Have your cake and decompress it too

12 points by emschwartz 3 days ago

Mid 2015, I spent months optimizing Apache ORC's compression models over TPC-H.

It was easier to beat Parquet's defaults - ORC+zlib seemed to top out around the same as the default in this paper (~178Gb for the 1TB dataset, from the hadoop conf slides).

We got a lot of good results, but the hard lesson we learned was that scan rate is more important than size.
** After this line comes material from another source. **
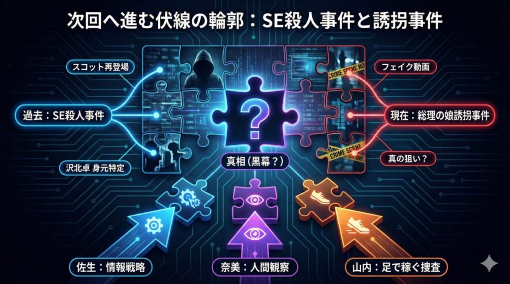 とはいえ、第8話の時点では誘拐事件はまだ完全な解決には至らず、犯人の真の狙いや、SE殺人事件との本当の関係性も、あえて”余白を残したまま”描かれています。

A 16kb read and a 48kb read took about the same time, but CPU was used by other parts of the SQL engine, IO wasn't the bottleneck we thought it was.

And scan rate is not always "how fast can you decode", a lot of it was encouraging data skipping (see the Capacitor paper from the same era).

For example, when organized correctly, the entire l_shipdate column took ~90 bytes for millions of rows.

Similarly, the notes column was never read at all so dictionaries etc was useless.

Then I learned the ins & outs of another SQL engine, which kicked the ass of every other format I'd ever worked with, without too much magical tech.

Most of what I can repeat is that SQL engines don't care what order rows in a file are & neither should the format writer - also that DBAs don't know which filters are the most useful to organize around & often they are wrong.

Re-ordering at the row-level beats any other trick with lossless columnar compression, because if you can skip a row (with say an FSST for LIKE or CONTAINS into index values[1] instead of bytes), that is nearly infinite improvement in the scan rate and IO.

[1] - https://github.com/amplab/succinct-cpp

pella - an hour ago

Thanks!

Looks similar to OpenZL ( https://openzl.org/ ) "OpenZL takes a description of your data and builds from it a specialized compressor optimized for your specific format."